Eu sou simpático a idéia da desformalização do direito (mentira, não sou não), mas nada pode atestar o completo desconhecimento das estruturas de controle social e dos processos de institucionalização que integram a vida em sociedades civilizadas do que esta idéia grosseira de Direito Achado na Rua. Isto saiu da entrevista do professor José Filho ao IHU – da Unisinos. O professor parece ser um sujeito bacana, e eu quero levar o que ele fala à sério (ele tem um doutorado em direito, portanto, espera-se que ele sabe do que está falando):
O Direito Achado na Rua, portanto, não identifica o direito com a norma, pura e simplesmente, e muito menos com a lei. O direito é visto como um processo social de lutas e conquistas de grupos organizados, em especial dos novos movimentos sociais, na busca da emancipação de situações opressoras caracterizadas pela experiência da falta de satisfação de necessidades fundamentais. A produção de normas jurídicas e a sua positivação pelo Estado é, sem dúvida alguma, um resultado almejado por este processo. É por isto que, na lapidar definição de Lyra Filho, o direito “é a legítima organização social da liberdade”.
“Não identifica o direito com a norma, pura e simplesmente, e muito menos com a lei”.
Começa errado.
Pois bem, o direito desviculado da lei é como um automóvel desvinculado do motor de explosão ou um avião sem asas.
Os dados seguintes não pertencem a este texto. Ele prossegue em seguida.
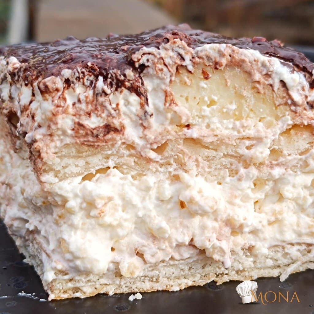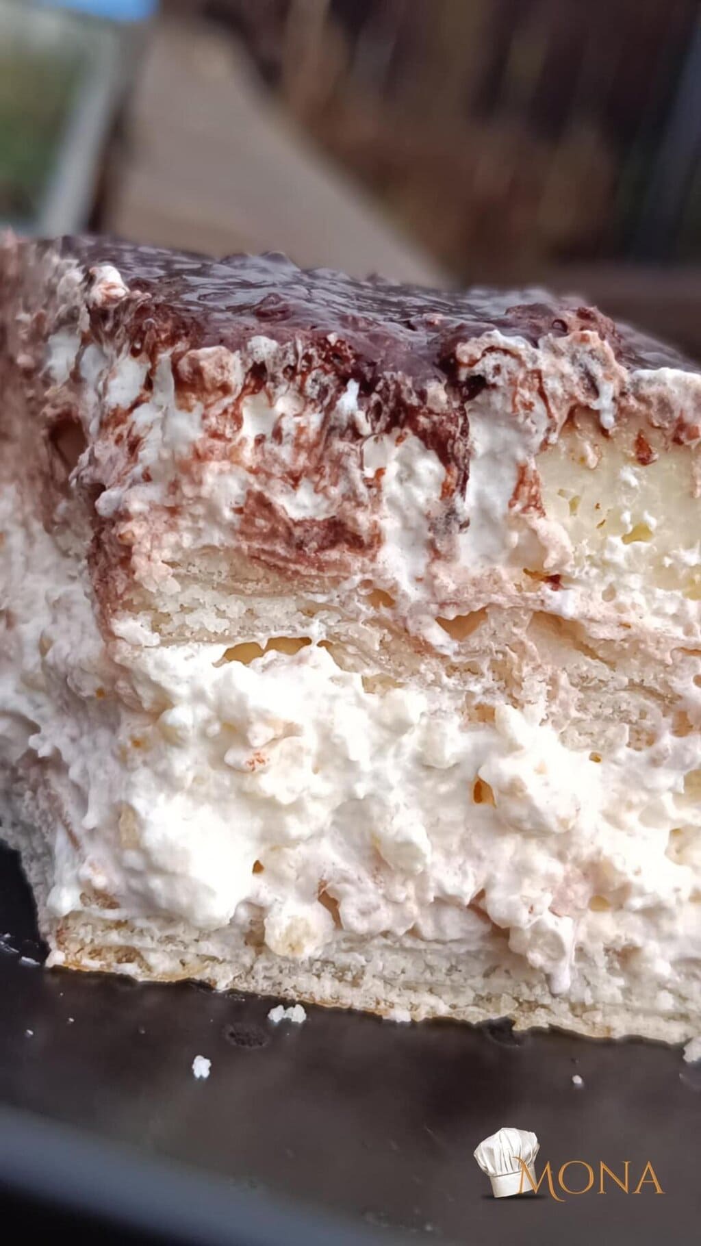 Majd az egyik megsült „lapot” egy sütőpapírral bélelt tepsibe tesszük ( én kocka rizslapokat használtam, így a 21×21 – es forma tökéletes volt hozzá ), erre jön a krém fele, majd rátesszük a másik megsült ” lapot” , erre pedig a krém másik felét.

Não é mais direito. Simples assim. A distinção Webberiana de direito e moral resta insuperada e mesmo os autores mais radicais aceitam que existe um processo de transformação onde as perspectivas individuais são tornadas públicas. Neste processo o direito nasce enquanto uma criação para dar conta da multiplicade de compreensões acerca do bem. O direito não existe. Ele não tem estatuto ontológico para ser encontrado na rua, por estas e por outras acredito que o Fábio escreveu o artigo mais importante dos últimos vinte anos no direito brasileiro quando ele disse que o direito não é, o direito não tem uma substância ontológica que pode ser encontrada lá fora, ele não é dito de uma forma predicativa direta. Ou seja, ao não identificar o direito com a norma e com a lei, os defensores do direito achado na rua acabam encontrando na rua algo que simplesmente NÃO PODERIA ESTAR NA RUA. Trata-se de uma incompreensão grosseira dos processos de constitucionalização e abstração que constroem a idéia do direito (por deus, leiam o Flickinger).
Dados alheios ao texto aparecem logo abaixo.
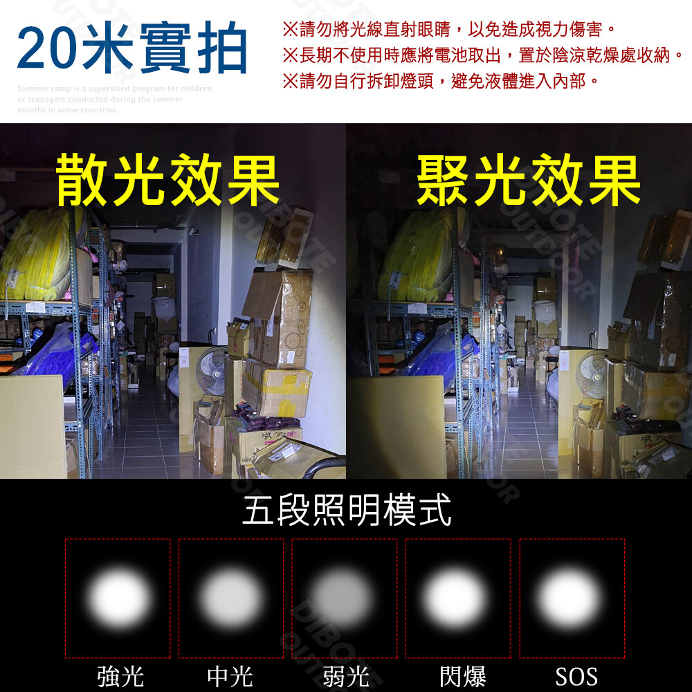 ◆五段照明模式,強光、中光、弱光、爆閃、SOS

” O direito é visto como um processo social de lutas e conquistas de grupos organizados, em especial dos novos movimentos sociais, na busca da emancipação de situações opressoras caracterizadas pela experiência da falta de satisfação de necessidades fundamentais”
Direito enquanto mecanismo de luta. Eu consigo entender isso no sentido Hegeliano, na filosofia do direito, e mesmo em um neo-idealista como o Ihering. Mas seguinte: não é deste jeito que tu tá falando, não. Com todo respeito, processo social e conquistas é o que vai constituir o referente constitucional, ao aplicar a lei o jurista não pode voltar – o tempo todo – para este referente, isso seria decidir a respeito da realidade de expressões individuais de valores, e o juiz não pode fazer isso por dois motivos: 1) não existem fatos morais para serem decididos; 2) se houvessem, o juiz não poderia dispor sobre eles, não poderia decidir a respeito da realidade das expressões singulares e dos contextos sociais. O juiz simplesmente não tem como saber tudo isso, ele não pode cometer este juízo hercúleo a todo tempo. Dworkin tem razão quando limita o poder de dizibilidade à norma: se tu queres discutir a norma, tanto melhor. Mas então é o caso de ou determinar a incoerência de uma norma ordinária com o dispositivo constitucional, ou alegar que a constituição não representa – em seus princípios – valores daquele grupo que está sendo representado pela constituição. Ou seja, de identificar um estado totalitário. O Brasil tem uma constituição mínimamente representativa? Eu acho que sim. Eu acho que o desafio é fazer os princípios gerais se tornarem mais abrangentes e compreenderem a população como um todo, mas não seria o caso de jogar o “pedaço de papel” – e é claro que é só um pedaço de papel, este é o ponto. Este sempre foi o ponto – no lixo.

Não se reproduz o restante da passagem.